We observed several statistically significant differences between SC and nSC patients, the most relevant ones being gender, rheumatic cardiac involvement, neurologic and neuropsychiatric symptoms at diagnosis, diagnostic and therapeutic choices, WSAS total scores and WSAS domains 3 (private leisure) and 5 (close relations) scores.

We also noticed several differences between the centers that took part to our study, underlining the already known heterogeneity in diagnosis, treatment, and follow-up of patients with Sydenham’s chorea.

Rheumatic fever and Sydenham’s chorea do not seem to have affected unemployment rate in the long term, but this observation needs to be confirmed by further research.

Many other promising data were collected, but the rarity of the investigated disease did not allow us to enroll a larger population of patients, which could have provided an adequate statistical power to obtain other significant results.

Major awareness should be raised among physicians, patients, and caregivers on SC neuropsychiatric manifestations.

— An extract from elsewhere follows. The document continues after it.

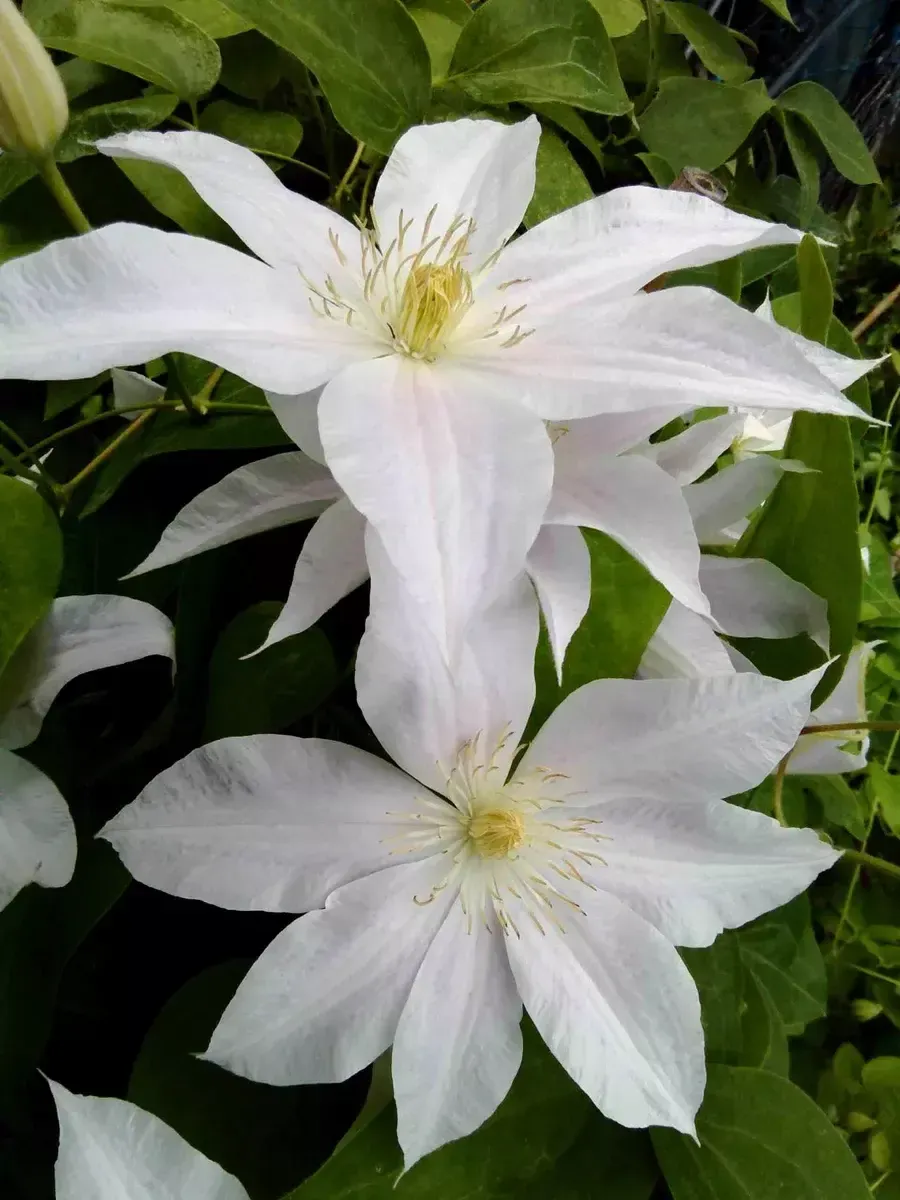 Клематис гибридный Roko-Kolla очаровывает своей элегантностью и утончённостью, представляя собой мощную лиану с гибкими побегами, достигающую высоты до трёх метров. Листья крупные, тёмно-зелёные, блестящие, рассечённые на несколько овальных листочков с волнистым краем, придающих растению особую декоративность даже вне периода цветения. Цветки появляются в изобилии летом и осенью, поражают крупными размерами (до 15 см), насыщенным фиолетово-синим оттенком и бархатистостью лепестков, словно покрытых тонким слоем нежной пудры. Сердцевина цветка украшена контрастными жёлтыми тычинками, подчёркивающими изысканность композиции. Растёт быстро, легко адаптируется к различным условиям, предпочитая солнечные места и плодородные почвы, распространяя свою красоту в садах и парках, где становится настоящим украшением вертикального озеленения.

In fact, their early detection could be important in both younger patients in developmental age and in older patients, because their long-term symptoms could remain undiagnosed and their correlation with SC could be neglected. Thus, a more widespread knowledge on this topic could be important to guarantee appropriate psychotherapeutic and pharmacological treatments to all patients. Moreover, since pediatric chronic diseases have been shown to variably affect caregivers’ mental health [38], the possibility to offer SC children’s parents psychological support programs should be considered.

Thus, further studies with higher sample sizes will be needed to evaluate these observations.